BEGIN DATA SECTION

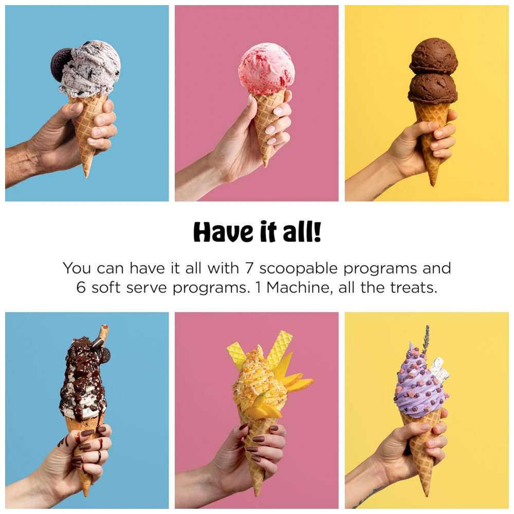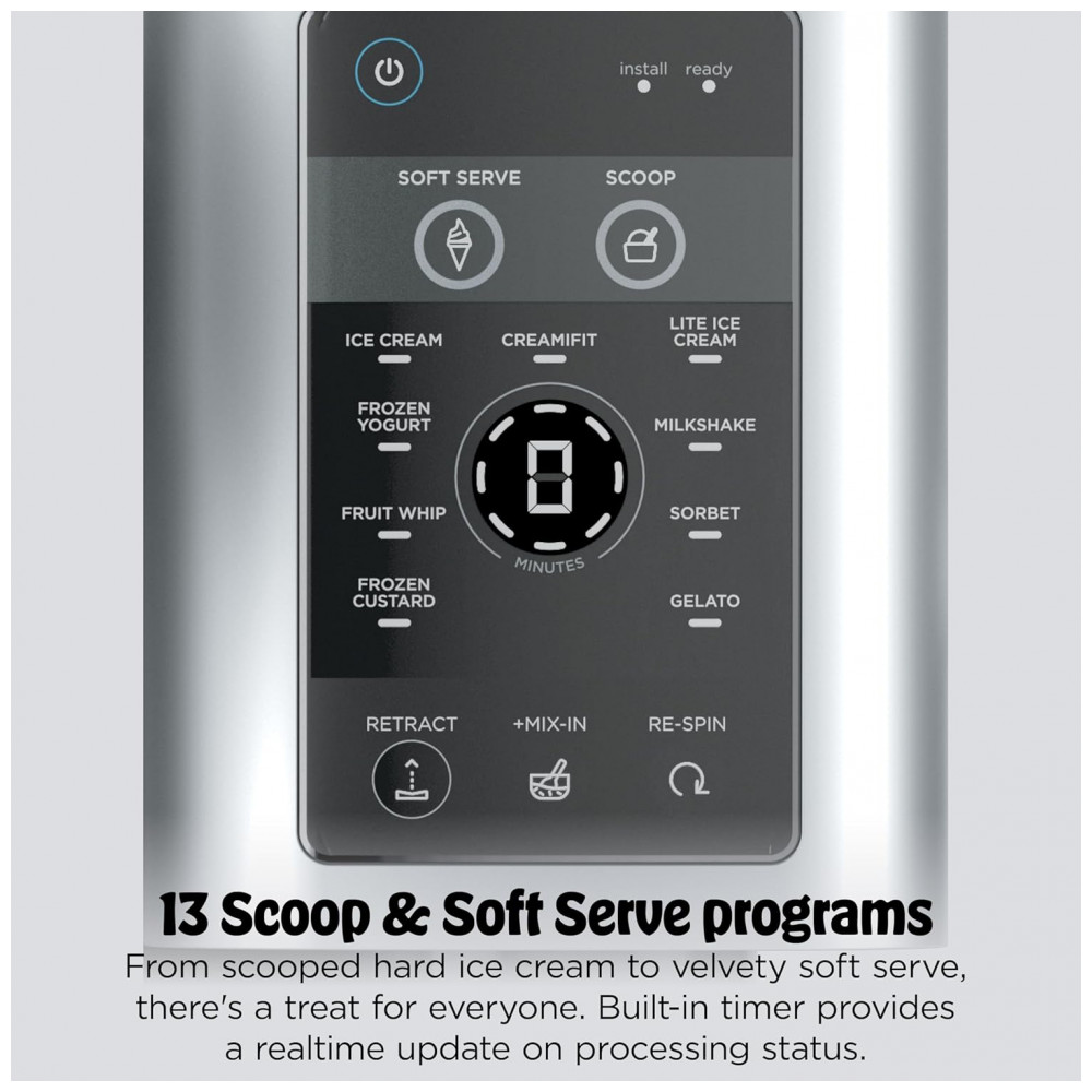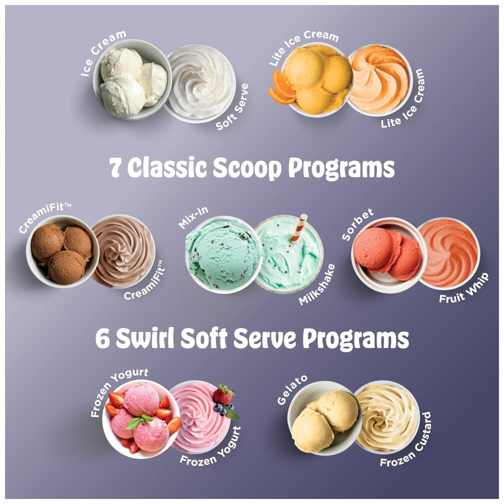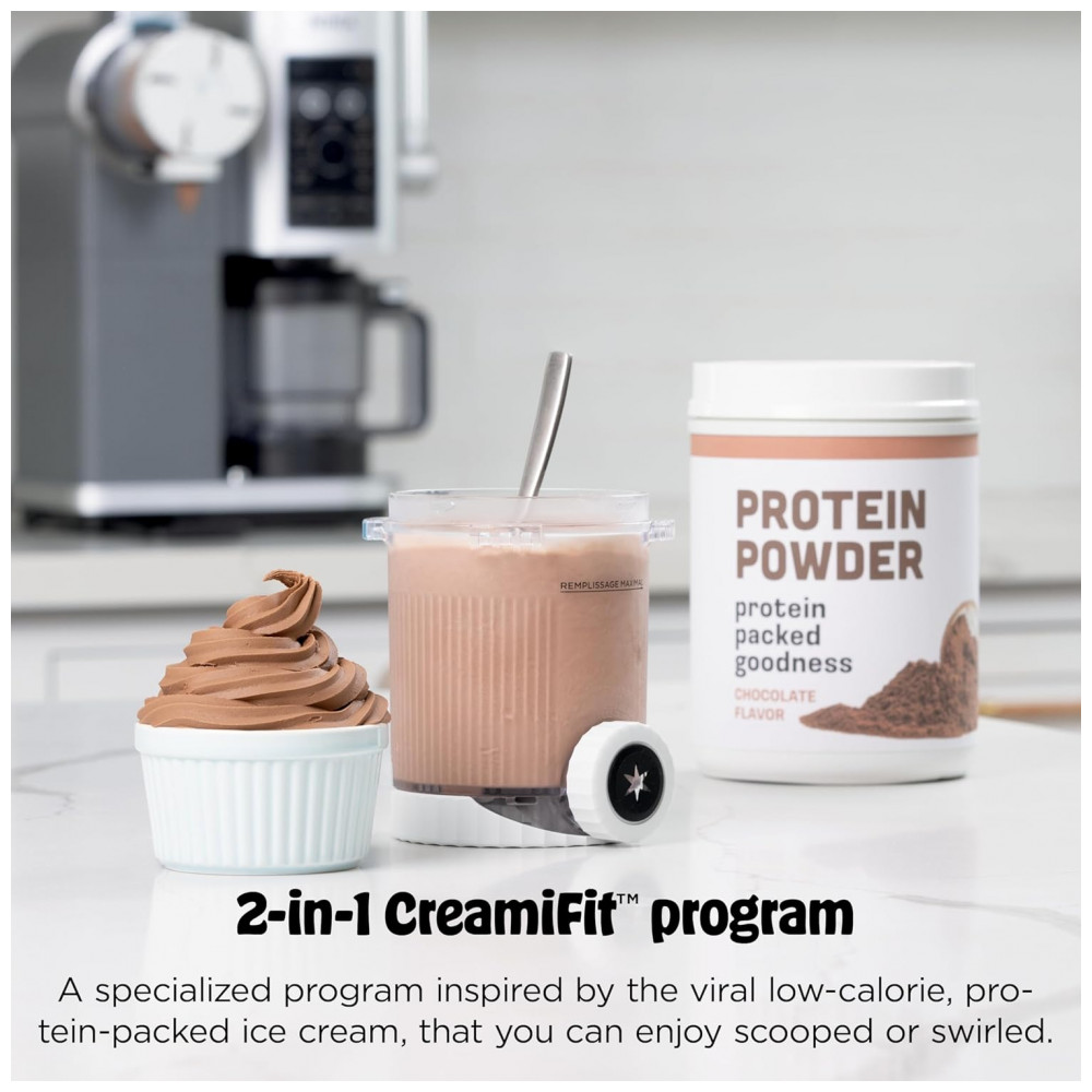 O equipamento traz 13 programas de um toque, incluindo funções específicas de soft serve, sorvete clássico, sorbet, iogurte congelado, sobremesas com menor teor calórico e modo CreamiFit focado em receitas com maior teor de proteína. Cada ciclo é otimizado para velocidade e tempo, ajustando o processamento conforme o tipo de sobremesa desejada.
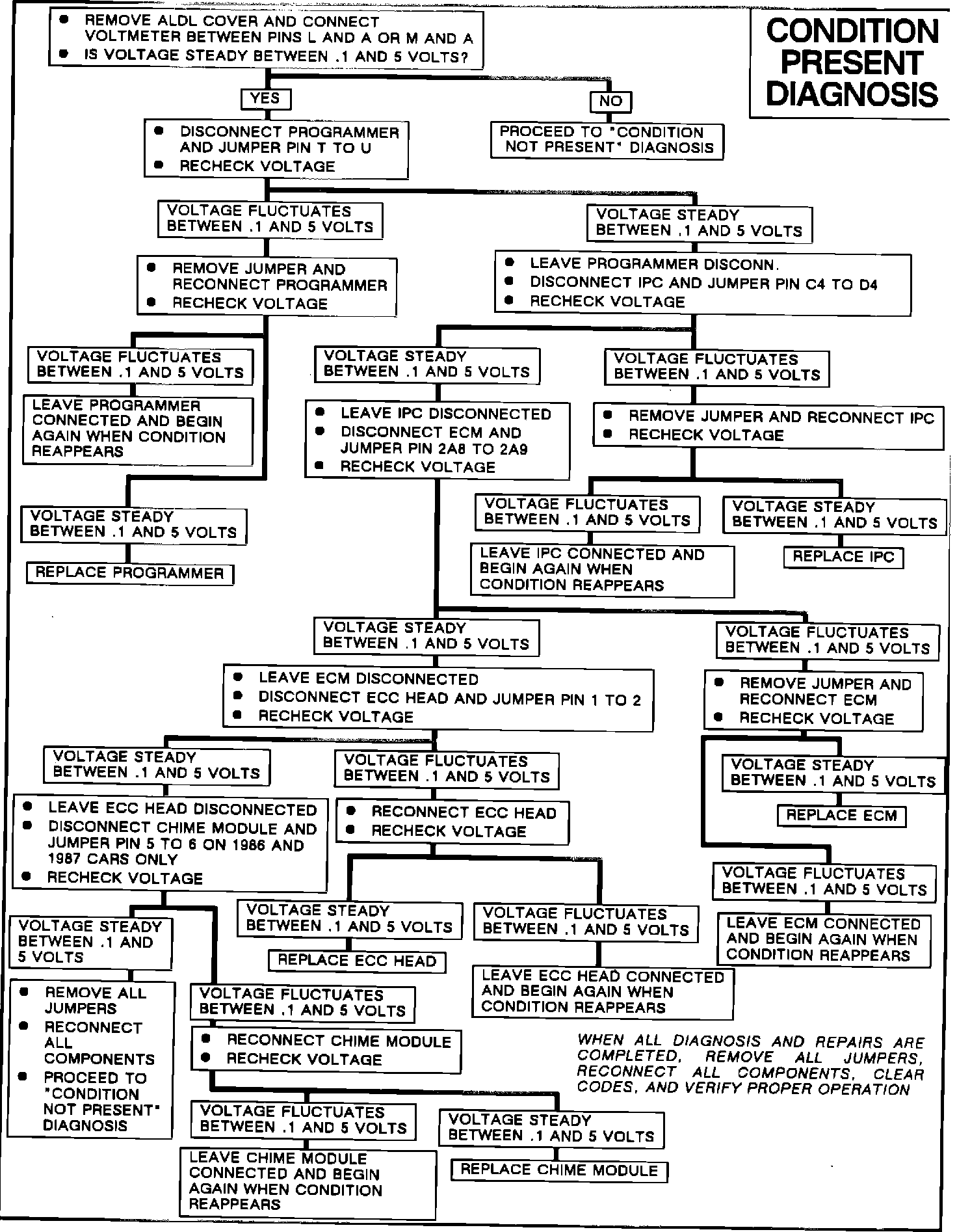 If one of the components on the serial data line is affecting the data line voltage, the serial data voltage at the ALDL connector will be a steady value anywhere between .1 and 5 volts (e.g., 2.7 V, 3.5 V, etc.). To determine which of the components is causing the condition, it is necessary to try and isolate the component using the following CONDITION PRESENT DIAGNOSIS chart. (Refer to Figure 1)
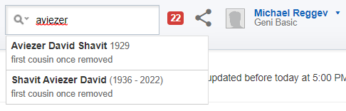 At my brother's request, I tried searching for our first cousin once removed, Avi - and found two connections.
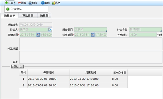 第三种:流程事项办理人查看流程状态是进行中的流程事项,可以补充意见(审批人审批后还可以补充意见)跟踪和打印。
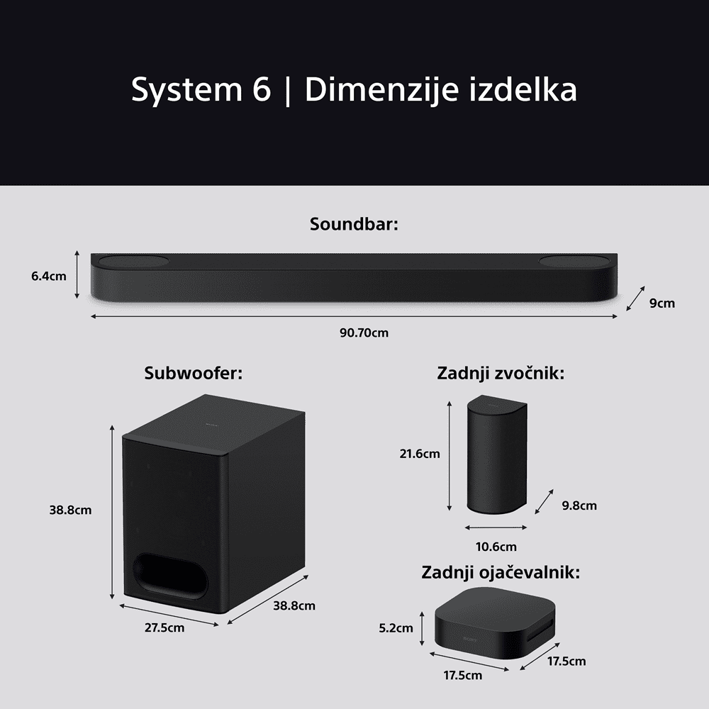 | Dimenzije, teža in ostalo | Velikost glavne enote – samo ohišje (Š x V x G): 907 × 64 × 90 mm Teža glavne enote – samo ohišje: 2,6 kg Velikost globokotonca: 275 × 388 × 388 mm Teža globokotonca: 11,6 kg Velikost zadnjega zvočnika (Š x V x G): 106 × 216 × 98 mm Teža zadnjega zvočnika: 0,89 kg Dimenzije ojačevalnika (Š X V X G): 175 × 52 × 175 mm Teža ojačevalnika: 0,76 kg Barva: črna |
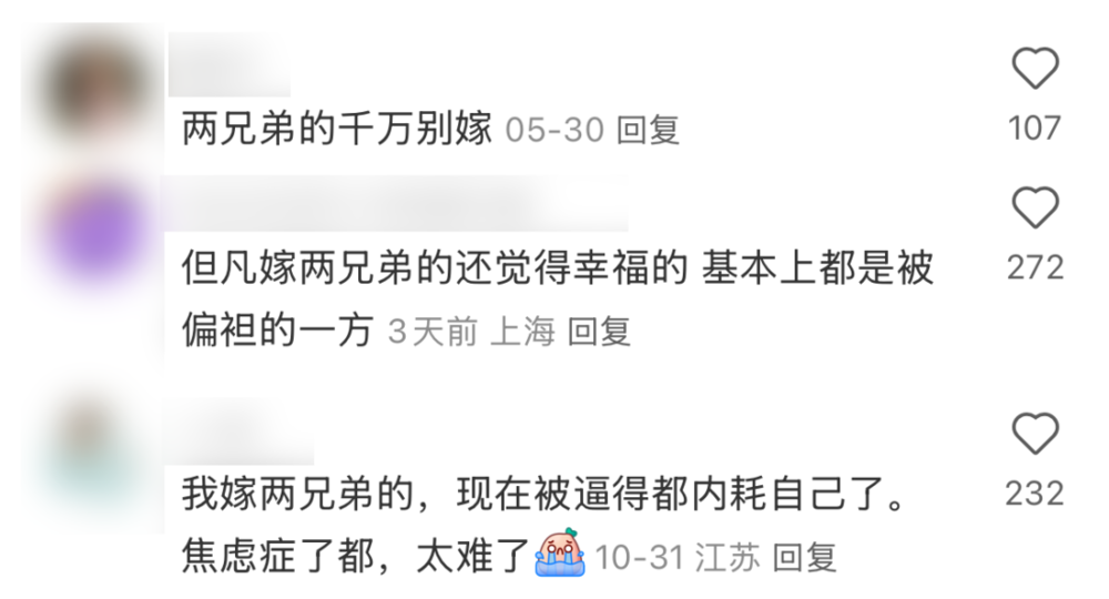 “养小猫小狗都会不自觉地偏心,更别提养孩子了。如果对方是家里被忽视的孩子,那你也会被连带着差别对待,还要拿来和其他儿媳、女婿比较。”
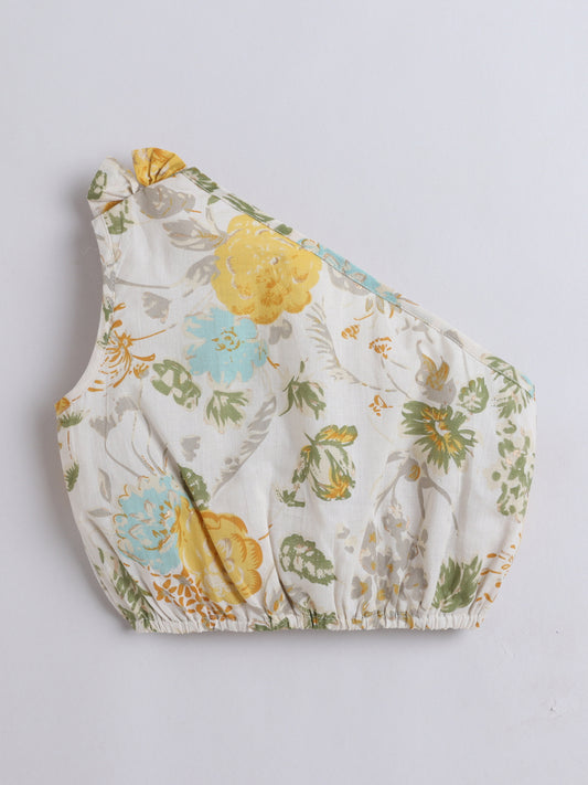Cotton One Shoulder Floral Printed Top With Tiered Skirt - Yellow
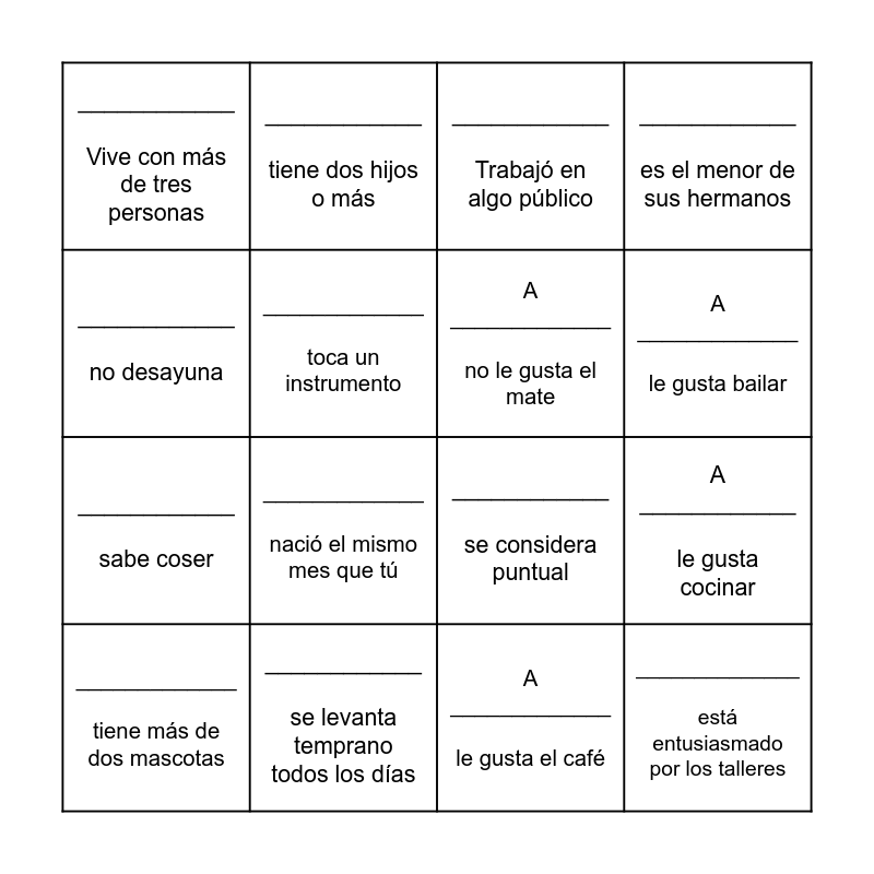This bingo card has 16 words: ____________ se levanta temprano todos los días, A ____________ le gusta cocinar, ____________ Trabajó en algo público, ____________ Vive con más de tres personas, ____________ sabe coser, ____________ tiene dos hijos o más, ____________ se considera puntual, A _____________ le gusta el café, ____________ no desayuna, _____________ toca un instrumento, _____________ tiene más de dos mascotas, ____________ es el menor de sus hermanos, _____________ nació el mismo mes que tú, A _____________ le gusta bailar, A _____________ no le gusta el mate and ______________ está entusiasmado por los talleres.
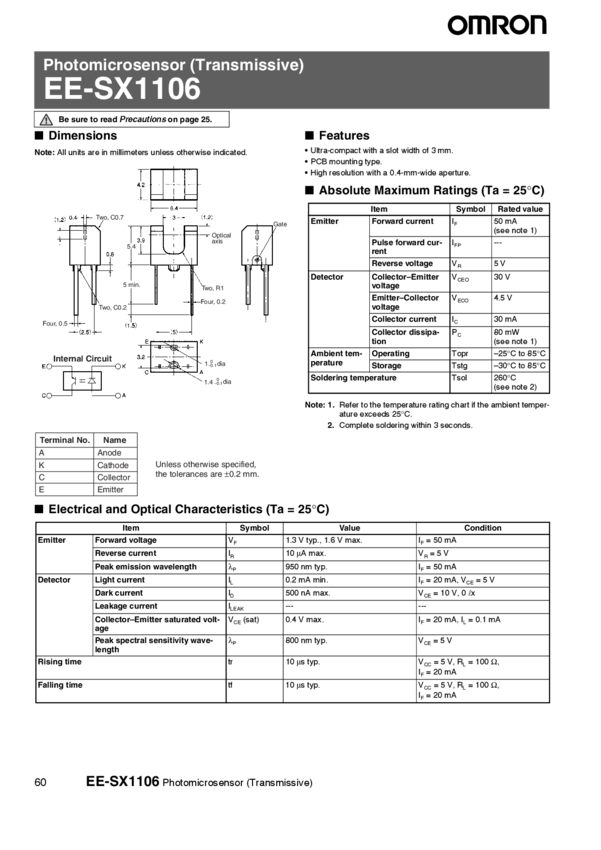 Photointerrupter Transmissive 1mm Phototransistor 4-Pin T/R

END DATA SECTION

__TASK PROMPT__. Your job is to reproduce the material exactly. Keep pictures out of it.

__EXERCISE OUTPUT__.
 O equipamento traz 13 programas de um toque, incluindo funções específicas de soft serve, sorvete clássico, sorbet, iogurte congelado, sobremesas com menor teor calórico e modo CreamiFit focado em receitas com maior teor de proteína. Cada ciclo é otimizado para velocidade e tempo, ajustando o processamento conforme o tipo de sobremesa desejada.
 If one of the components on the serial data line is affecting the data line voltage, the serial data voltage at the ALDL connector will be a steady value anywhere between .1 and 5 volts (e.g., 2.7 V, 3.5 V, etc.). To determine which of the components is causing the condition, it is necessary to try and isolate the component using the following CONDITION PRESENT DIAGNOSIS chart. (Refer to Figure 1)
 At my brother's request, I tried searching for our first cousin once removed, Avi - and found two connections.
 第三种:流程事项办理人查看流程状态是进行中的流程事项,可以补充意见(审批人审批后还可以补充意见)跟踪和打印。
 | Dimenzije, teža in ostalo | Velikost glavne enote – samo ohišje (Š x V x G): 907 × 64 × 90 mm Teža glavne enote – samo ohišje: 2,6 kg Velikost globokotonca: 275 × 388 × 388 mm Teža globokotonca: 11,6 kg Velikost zadnjega zvočnika (Š x V x G): 106 × 216 × 98 mm Teža zadnjega zvočnika: 0,89 kg Dimenzije ojačevalnika (Š X V X G): 175 × 52 × 175 mm Teža ojačevalnika: 0,76 kg Barva: črna |
 “养小猫小狗都会不自觉地偏心,更别提养孩子了。如果对方是家里被忽视的孩子,那你也会被连带着差别对待,还要拿来和其他儿媳、女婿比较。”
Cotton One Shoulder Floral Printed Top With Tiered Skirt - Yellow
This bingo card has 16 words: ____________ se levanta temprano todos los días, A ____________ le gusta cocinar, ____________ Trabajó en algo público, ____________ Vive con más de tres personas, ____________ sabe coser, ____________ tiene dos hijos o más, ____________ se considera puntual, A _____________ le gusta el café, ____________ no desayuna, _____________ toca un instrumento, _____________ tiene más de dos mascotas, ____________ es el menor de sus hermanos, _____________ nació el mismo mes que tú, A _____________ le gusta bailar, A _____________ no le gusta el mate and ______________ está entusiasmado por los talleres.
 Photointerrupter Transmissive 1mm Phototransistor 4-Pin T/R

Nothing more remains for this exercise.